The Decision Tree algorithm was applied to the NESARC database to influence of the following explanatory variables on the 'ever used cannabis' indicator:

  • Age (Quantitative variable)
  • Sex (0 = Female, 1 = Male)
  • Family income (grouped in 5 categories)
  • Ever smoked 100+ cigarettes (0 = No, 1 = Yes)
  • White Ethnicity (2 = No, 1 = Yes)

The decision tree is build using the genie index as splitting criteria.

The confusion matrix shows that the tested model predicts correctly on the test sample 12 933 people as never used cannabis and 627 as ever used cannabis. But 2660 people having used cannabis in reality were miss evaluated as well as 767 people never having used cannabis in reality.

The accuracy score is 80%. But this high results is due to the big proportion of people having never used cannabis. Indeed the prediction for people having ever used cannabis is very poor with more people being predicted as never used cannabis.

The decision tree is huge with lots of nodes as expected with the Python approach. I used the option filled=True to fill the nodes with a color indicating majority class.

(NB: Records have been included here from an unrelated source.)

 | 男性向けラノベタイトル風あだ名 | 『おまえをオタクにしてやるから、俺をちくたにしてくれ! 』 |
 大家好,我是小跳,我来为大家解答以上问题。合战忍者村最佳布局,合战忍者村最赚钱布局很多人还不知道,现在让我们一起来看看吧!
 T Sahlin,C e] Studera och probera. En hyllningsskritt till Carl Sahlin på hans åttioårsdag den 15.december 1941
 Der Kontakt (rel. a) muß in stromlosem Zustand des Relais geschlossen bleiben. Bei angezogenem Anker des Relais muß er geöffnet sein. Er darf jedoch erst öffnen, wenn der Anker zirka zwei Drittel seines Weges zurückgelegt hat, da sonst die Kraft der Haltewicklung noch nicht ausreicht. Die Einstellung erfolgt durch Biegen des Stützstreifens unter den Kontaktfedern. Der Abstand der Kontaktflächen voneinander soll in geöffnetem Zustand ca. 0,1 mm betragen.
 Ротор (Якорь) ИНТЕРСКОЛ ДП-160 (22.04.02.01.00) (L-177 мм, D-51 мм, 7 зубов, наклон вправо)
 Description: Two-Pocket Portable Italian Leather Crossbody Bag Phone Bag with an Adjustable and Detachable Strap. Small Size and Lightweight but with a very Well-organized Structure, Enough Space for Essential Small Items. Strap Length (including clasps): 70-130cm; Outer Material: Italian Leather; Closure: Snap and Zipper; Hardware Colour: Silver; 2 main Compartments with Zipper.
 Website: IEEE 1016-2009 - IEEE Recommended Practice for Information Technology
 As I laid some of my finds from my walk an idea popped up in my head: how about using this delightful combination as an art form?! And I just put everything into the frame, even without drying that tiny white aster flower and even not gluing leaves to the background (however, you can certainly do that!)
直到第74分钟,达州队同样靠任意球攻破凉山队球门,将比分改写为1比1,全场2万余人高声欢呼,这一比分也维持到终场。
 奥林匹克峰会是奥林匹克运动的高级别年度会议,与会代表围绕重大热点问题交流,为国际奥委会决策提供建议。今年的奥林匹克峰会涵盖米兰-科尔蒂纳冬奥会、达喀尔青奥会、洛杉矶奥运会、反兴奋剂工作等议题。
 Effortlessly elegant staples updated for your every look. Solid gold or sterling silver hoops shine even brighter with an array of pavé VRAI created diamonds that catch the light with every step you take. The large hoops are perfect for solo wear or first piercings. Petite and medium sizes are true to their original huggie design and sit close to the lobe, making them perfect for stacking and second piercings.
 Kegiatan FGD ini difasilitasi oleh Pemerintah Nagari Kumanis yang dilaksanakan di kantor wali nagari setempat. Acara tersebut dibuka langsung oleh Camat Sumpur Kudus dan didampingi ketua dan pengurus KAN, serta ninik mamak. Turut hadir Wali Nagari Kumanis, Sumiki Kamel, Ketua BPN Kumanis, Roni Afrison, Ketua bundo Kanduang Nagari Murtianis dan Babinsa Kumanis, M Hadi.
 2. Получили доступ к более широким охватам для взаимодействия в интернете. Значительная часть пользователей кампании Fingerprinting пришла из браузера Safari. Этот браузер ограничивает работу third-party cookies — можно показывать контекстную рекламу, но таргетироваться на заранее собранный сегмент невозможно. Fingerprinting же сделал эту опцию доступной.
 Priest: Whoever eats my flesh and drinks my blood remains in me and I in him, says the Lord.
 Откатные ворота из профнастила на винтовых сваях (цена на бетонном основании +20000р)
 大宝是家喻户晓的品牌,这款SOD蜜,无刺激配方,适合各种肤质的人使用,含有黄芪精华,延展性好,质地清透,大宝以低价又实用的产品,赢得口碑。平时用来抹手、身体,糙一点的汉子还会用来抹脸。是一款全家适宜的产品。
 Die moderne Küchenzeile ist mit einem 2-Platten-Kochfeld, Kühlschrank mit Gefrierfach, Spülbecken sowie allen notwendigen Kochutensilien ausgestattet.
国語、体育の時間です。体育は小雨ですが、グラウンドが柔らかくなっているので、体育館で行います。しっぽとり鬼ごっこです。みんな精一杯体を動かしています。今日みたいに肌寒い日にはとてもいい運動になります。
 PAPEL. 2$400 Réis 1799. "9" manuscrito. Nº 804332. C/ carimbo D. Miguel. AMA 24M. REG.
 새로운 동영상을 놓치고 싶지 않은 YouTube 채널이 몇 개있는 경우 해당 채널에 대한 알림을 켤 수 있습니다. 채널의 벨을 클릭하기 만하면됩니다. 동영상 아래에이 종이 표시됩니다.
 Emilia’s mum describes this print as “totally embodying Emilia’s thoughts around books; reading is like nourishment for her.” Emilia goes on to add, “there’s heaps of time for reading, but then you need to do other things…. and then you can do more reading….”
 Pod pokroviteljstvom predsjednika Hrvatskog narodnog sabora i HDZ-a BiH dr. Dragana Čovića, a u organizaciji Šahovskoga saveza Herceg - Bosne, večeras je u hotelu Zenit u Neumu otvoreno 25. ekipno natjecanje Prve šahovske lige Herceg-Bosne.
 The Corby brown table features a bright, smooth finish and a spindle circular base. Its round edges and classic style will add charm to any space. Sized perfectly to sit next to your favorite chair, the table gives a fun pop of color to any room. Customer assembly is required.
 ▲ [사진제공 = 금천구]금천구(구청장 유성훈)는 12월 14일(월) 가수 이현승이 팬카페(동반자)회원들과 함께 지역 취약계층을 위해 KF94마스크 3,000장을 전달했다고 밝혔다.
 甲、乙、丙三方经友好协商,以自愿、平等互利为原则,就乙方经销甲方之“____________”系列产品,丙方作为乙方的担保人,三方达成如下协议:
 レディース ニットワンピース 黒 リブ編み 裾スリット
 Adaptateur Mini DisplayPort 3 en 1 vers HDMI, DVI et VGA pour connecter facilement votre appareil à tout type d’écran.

The first node is a split on the AGE criteria <= 55.5. For people being younger (13313 having used cannabis and 4577 having never used it) than the threshold, the second criteria is whether or not then ever smoked 100+ cigarettes. Those having smoked 100+ cigarettes are more likely to have ever used cannabis. Then comes the third level for that groups splitting according to the sex. This time the tree implies an higher chance for male to have ever used cannabis. And then those men are split according the family income. This split allowing the fourth category. The richer one are less likely to have ever tried cannabis.

I can go one. But I will stop here as the precised description does not really bring much.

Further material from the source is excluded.